DESCRIPTION OF THE TASK
From the entries below, return exactly the lines beginning at the one that contains "Title: | The" and ending at the one that contains "Sweater in brushed", both of them included, and only those lines.

EXERCISE INPUT
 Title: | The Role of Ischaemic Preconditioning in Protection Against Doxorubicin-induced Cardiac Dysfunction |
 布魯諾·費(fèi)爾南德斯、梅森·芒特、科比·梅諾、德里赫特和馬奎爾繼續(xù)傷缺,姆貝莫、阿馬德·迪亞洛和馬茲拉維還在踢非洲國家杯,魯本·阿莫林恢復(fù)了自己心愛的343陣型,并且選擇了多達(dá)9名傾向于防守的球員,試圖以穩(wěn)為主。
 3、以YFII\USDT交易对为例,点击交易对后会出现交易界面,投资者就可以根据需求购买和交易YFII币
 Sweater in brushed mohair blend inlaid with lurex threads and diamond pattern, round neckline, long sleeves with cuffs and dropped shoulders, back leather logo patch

...

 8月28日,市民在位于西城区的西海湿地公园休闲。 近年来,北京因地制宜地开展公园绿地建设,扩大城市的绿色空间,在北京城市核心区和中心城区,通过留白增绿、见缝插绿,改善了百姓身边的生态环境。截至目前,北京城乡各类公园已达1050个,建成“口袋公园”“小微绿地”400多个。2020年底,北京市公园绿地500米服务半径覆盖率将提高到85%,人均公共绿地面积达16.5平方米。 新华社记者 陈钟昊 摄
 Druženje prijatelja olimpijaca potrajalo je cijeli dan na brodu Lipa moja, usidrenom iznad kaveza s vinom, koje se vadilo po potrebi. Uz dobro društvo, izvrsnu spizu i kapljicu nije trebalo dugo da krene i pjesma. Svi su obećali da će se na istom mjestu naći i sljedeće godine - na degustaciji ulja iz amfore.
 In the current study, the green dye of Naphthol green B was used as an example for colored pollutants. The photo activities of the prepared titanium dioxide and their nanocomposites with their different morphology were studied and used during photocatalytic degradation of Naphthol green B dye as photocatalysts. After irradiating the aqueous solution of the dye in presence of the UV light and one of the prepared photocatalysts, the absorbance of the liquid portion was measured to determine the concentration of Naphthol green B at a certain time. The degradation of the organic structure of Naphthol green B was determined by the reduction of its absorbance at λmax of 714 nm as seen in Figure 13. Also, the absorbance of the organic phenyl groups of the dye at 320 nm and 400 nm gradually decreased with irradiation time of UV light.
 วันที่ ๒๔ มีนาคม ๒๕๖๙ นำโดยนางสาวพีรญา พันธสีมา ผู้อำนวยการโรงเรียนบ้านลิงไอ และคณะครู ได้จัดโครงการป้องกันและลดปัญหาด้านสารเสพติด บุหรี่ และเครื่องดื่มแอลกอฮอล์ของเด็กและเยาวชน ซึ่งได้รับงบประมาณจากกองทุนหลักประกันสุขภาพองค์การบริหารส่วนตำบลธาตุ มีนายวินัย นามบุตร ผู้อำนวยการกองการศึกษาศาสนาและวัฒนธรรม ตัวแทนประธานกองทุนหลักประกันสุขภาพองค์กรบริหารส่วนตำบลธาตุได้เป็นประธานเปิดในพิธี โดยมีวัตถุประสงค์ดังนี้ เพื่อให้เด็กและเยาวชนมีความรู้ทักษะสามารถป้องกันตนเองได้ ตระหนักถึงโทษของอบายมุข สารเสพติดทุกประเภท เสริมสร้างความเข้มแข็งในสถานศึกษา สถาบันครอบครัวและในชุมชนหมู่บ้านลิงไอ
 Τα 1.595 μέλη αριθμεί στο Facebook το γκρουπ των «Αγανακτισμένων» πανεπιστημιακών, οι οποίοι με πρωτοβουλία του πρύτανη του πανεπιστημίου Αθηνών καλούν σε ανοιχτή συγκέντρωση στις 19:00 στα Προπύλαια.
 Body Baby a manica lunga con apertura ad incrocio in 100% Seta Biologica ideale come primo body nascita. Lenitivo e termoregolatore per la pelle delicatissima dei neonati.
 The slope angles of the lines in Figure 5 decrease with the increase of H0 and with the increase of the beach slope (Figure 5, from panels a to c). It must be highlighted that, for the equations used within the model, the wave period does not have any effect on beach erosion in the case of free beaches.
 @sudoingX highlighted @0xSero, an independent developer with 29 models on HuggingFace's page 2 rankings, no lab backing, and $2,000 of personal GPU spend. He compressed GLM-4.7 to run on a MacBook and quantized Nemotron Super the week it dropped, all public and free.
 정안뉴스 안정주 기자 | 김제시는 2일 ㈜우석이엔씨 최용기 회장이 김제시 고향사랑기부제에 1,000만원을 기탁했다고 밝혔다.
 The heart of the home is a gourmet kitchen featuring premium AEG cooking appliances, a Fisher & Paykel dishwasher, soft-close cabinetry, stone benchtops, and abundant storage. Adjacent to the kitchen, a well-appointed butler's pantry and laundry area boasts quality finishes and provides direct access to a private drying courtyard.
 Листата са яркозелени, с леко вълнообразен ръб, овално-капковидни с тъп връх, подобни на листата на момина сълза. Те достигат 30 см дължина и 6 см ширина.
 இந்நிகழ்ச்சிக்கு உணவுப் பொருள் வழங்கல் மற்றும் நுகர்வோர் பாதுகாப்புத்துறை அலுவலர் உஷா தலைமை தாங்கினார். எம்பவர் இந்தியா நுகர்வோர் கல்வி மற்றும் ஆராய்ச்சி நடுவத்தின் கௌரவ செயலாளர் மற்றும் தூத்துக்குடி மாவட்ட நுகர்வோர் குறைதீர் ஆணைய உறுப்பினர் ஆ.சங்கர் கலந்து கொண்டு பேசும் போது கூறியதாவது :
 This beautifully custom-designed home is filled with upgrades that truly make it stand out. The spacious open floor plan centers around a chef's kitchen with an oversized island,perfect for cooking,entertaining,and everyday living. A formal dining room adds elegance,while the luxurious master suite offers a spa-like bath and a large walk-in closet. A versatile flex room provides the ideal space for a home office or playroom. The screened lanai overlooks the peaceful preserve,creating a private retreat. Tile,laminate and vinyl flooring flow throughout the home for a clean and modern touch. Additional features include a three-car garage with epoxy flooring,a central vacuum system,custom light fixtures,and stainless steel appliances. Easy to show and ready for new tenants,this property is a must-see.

RESULT
 Title: | The Role of Ischaemic Preconditioning in Protection Against Doxorubicin-induced Cardiac Dysfunction |
 布魯諾·費(fèi)爾南德斯、梅森·芒特、科比·梅諾、德里赫特和馬奎爾繼續(xù)傷缺,姆貝莫、阿馬德·迪亞洛和馬茲拉維還在踢非洲國家杯,魯本·阿莫林恢復(fù)了自己心愛的343陣型,并且選擇了多達(dá)9名傾向于防守的球員,試圖以穩(wěn)為主。
 3、以YFII\USDT交易对为例,点击交易对后会出现交易界面,投资者就可以根据需求购买和交易YFII币
 Sweater in brushed mohair blend inlaid with lurex threads and diamond pattern, round neckline, long sleeves with cuffs and dropped shoulders, back leather logo patch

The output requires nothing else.